■ **WORK INSTRUCTION**
Give all the lines below again, exactly, with no pictures.

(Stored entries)
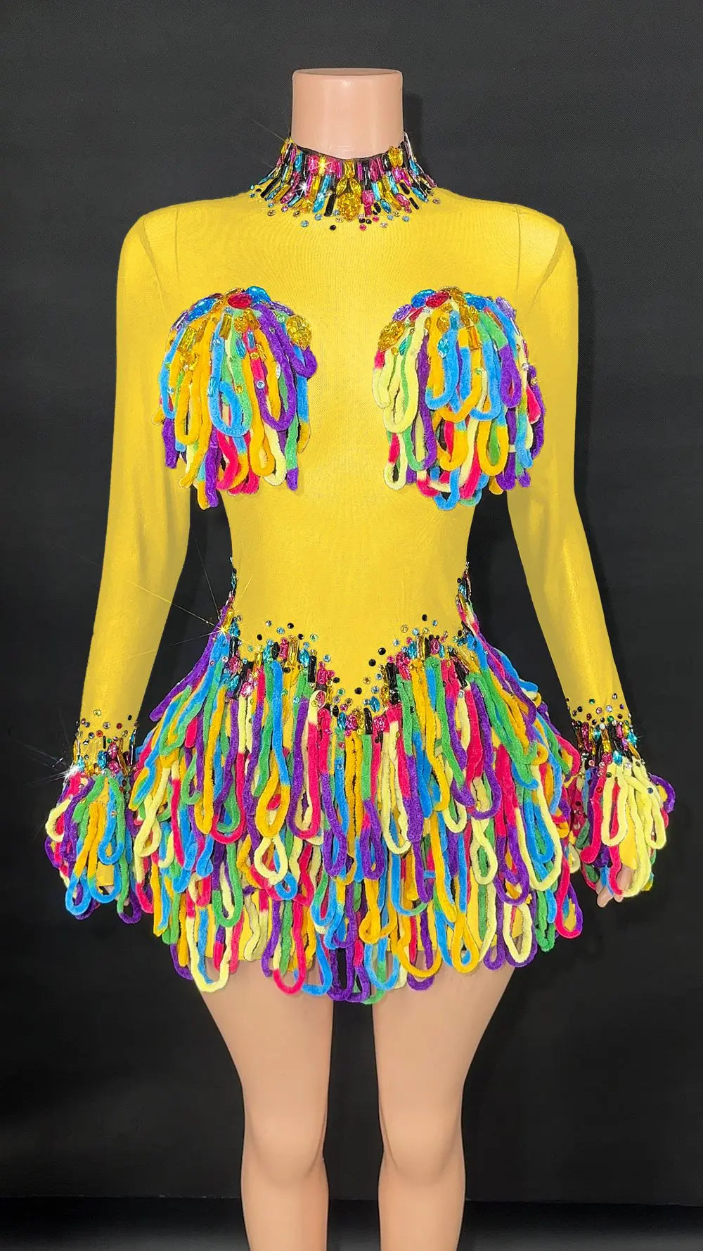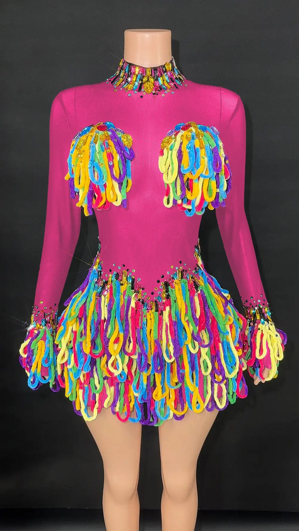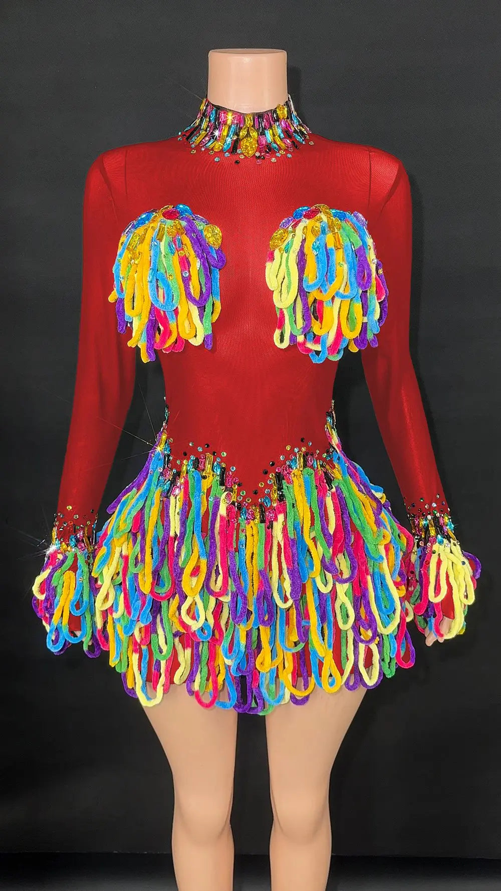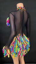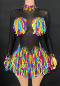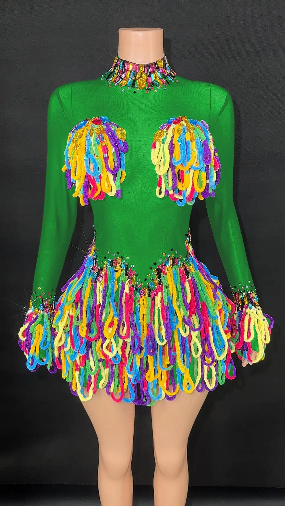 Elevate your stage presence with the Sparkly Rhinestones Colourful Tassels Dress — a vibrant, movement-driven costume designed for dancers, performers, and anyone who wants to dazzle under stage lights. This eye-catching dress combines sheer, body-hugging mesh with arrays of sparkling rhinestones and colourful tassels that swing and shimmer with every step, spin, and beat.
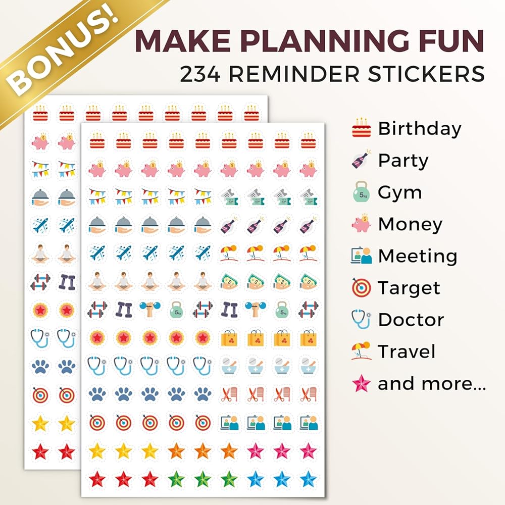Include Stickers: Set of 234 stickers, 22 reminder designs, includes Birthday, Celebration, Appointments, and more! Perfect for year round planning. Great gift for busy parents, students, seniors, or friends.
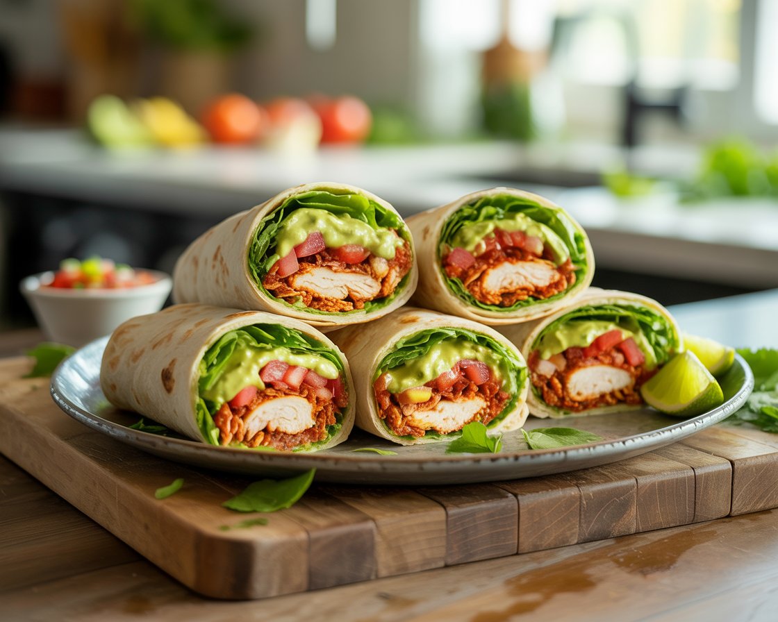 Diese Wraps kombinieren mageres Hühnchen mit frischen Tomaten, knackigem Salat und einer cremigen Joghurt-Sauce – perfekt für alle, die eine leichte, aber proteinreiche Mahlzeit suchen.
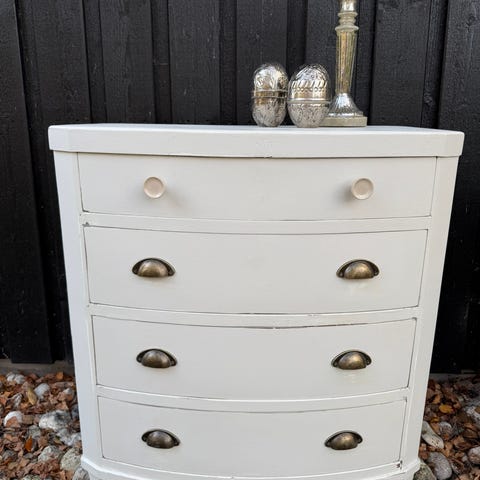Lækker teaktræskommode malet med kalkmaling udvendigt i farvet soft sand, vokset og med patina.
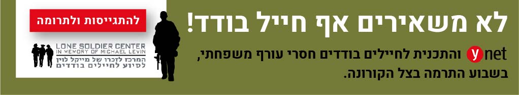 לא משאירים אף חייל בודד. ynet והתכנית לחיילים בודדים חסרי עורף משפחתי, שבוע התרמה בצל הקורונה. להתגייסות ותרומות היכנסו ללינק
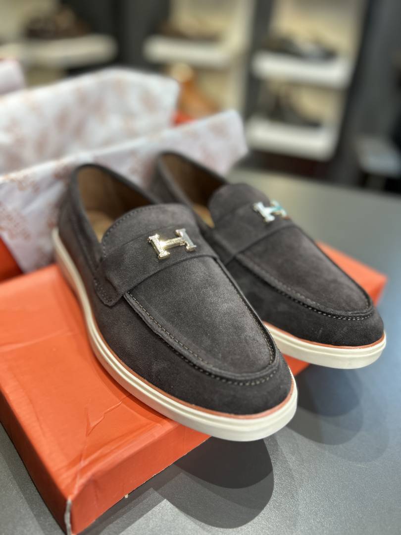 Hermes_Embroidery logo Grey 100% Geniune suede leather

■ **YOUR RESPONSE**
 Elevate your stage presence with the Sparkly Rhinestones Colourful Tassels Dress — a vibrant, movement-driven costume designed for dancers, performers, and anyone who wants to dazzle under stage lights. This eye-catching dress combines sheer, body-hugging mesh with arrays of sparkling rhinestones and colourful tassels that swing and shimmer with every step, spin, and beat.
Include Stickers: Set of 234 stickers, 22 reminder designs, includes Birthday, Celebration, Appointments, and more! Perfect for year round planning. Great gift for busy parents, students, seniors, or friends.
 Diese Wraps kombinieren mageres Hühnchen mit frischen Tomaten, knackigem Salat und einer cremigen Joghurt-Sauce – perfekt für alle, die eine leichte, aber proteinreiche Mahlzeit suchen.
Lækker teaktræskommode malet med kalkmaling udvendigt i farvet soft sand, vokset og med patina.
 לא משאירים אף חייל בודד. ynet והתכנית לחיילים בודדים חסרי עורף משפחתי, שבוע התרמה בצל הקורונה. להתגייסות ותרומות היכנסו ללינק
 Hermes_Embroidery logo Grey 100% Geniune suede leather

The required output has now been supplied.